What is the Aircraft Engine Starting System?
Despite being advanced machines, most types of aircraft engines require some sort of aid in the starting operation. An aircraft engine starting system is an electromechanical mechanism that applies mechanical energy to an engine, causing it to begin rotation. In both reciprocating and turbine engines, rotation enables the engine to begin its primary functions, allowing it to then take over and act in self-perpetuating motion. In this blog, we will discuss the aircraft engine starting system, as well as how it works in both reciprocating and turbine aircraft engines.
In the early days of aviation, reciprocating engines were typically started by manually pulling the propeller to begin its initial revolutions. This could be difficult in colder weather as lubricating oils would be in a nearly congealing state, and the magneto systems produced weaker starting sparks. As the reciprocating engine continued to develop, various starting systems began to develop that took the labor off of the pilot. In general, the two main types of starter systems that are used for such engines are the inertia starter and direct cranking electrical system.

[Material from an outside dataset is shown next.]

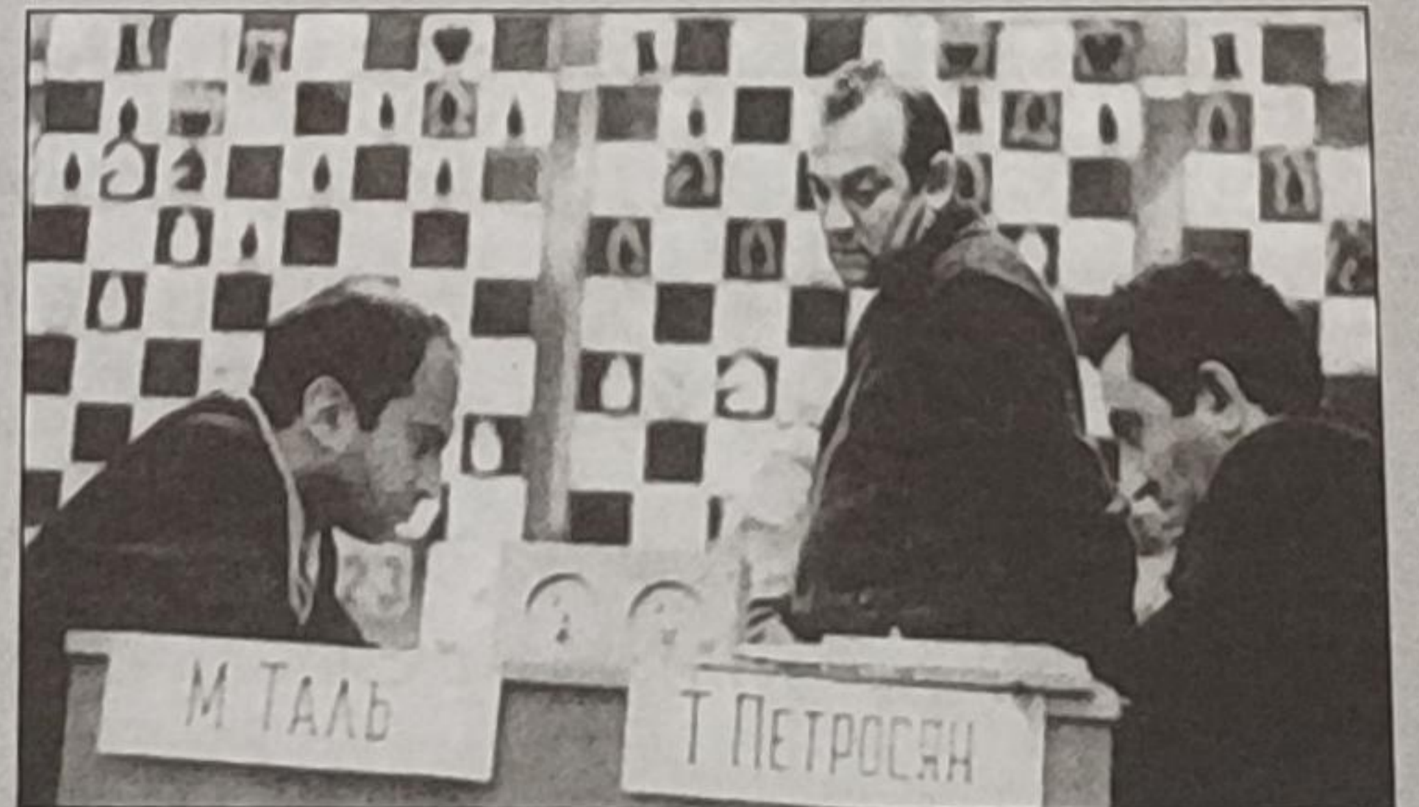
کورچنوی نظاره گر بازی تال - پتروسیان

Inertia starting systems may be operated by hand, electricity, or a combination of the two. The operation of each depends on the kinetic energy that may be stored within a quickly rotating flywheel, and energy is stored as the engine is cranked manually by hand or by a small electric motor. While the starter is energized, all of the moving parts within the apparatus are set in motion. Once the starter is able to reach a fully energized state, it is engaged to the engine crankshaft either manually or electrically. At this point, the flywheel energy of the starter is then transferred to the engine through reduction gears and a clutch.

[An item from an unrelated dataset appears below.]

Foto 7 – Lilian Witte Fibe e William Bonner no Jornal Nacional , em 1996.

The direct cranking electrical system is much more common to a majority of reciprocating engines, and it provides an instant and perpetual cranking once it reaches an energized stage. The starter type is composed of an electric motor, reduction gears, and an engaging and disengaging mechanism governed by a clutch. With a direct cranking electrical engine, the reciprocating engine is cranked directly as soon as the starter solenoid is closed. With the starter motor and clutch, the engine is sped up to a predetermined speed, in which the starter then automatically disengages from the engine.
For the turbine engine, the direct cranking electrical system and starter generator system are the most common. Direct cranking electrical systems are fairly common to small turbine engines, including APUs and smaller turboshaft engines. Meanwhile, starter generator engines are used for many gas turbine engines. The two starter types are fairly similar, though the starter generator has a second series of windings that is used to operate as a generator once the engine has reached a self-sustaining rotational speed. Because of this, aircraft that utilize such starters can save weight and space.

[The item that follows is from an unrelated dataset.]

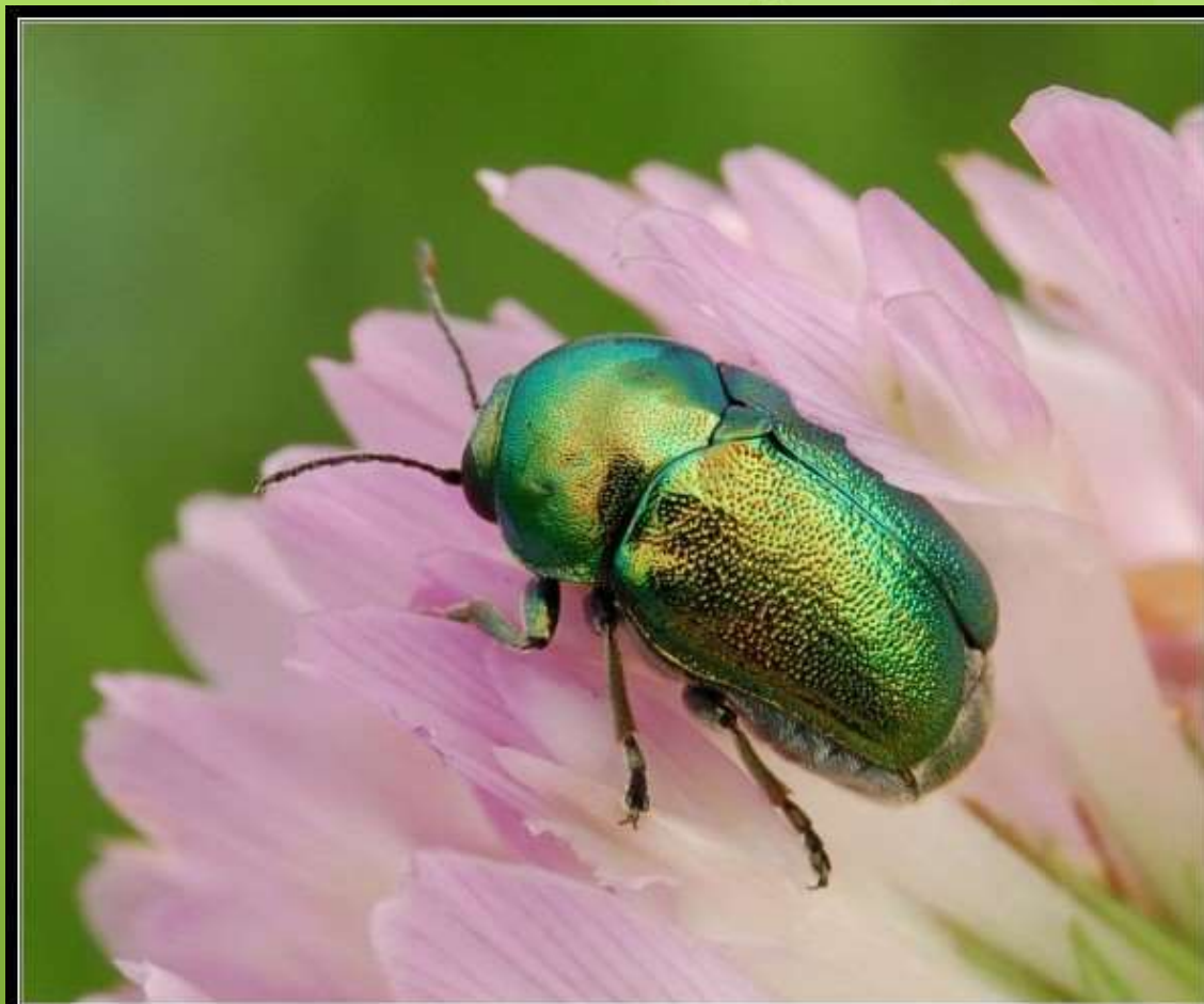
Скрытоглав зеленый ( Stylopsis sepioides )

The starter generator is engaged to the engine shaft in a permanent fashion, and it serves as a shunt generator with heavy winding. With this heavy series of winding, the aircraft engine starting system can generate a strong field to provide high amounts of torque to start the engine. With their ability to act as a generator after starting the engine, starter generator systems are highly desired for aircraft applications when they can be used.
As starters provide for the initialization of operation for the aviation turbine engine and components, it is important that they are well maintained to ensure optimal performance. Whether an engine cannot rotate during a start attempt, or it fails to start when the throttle is placed in idle, it is recommended to troubleshoot the starter while following manufacturer instructions and maintenance directives.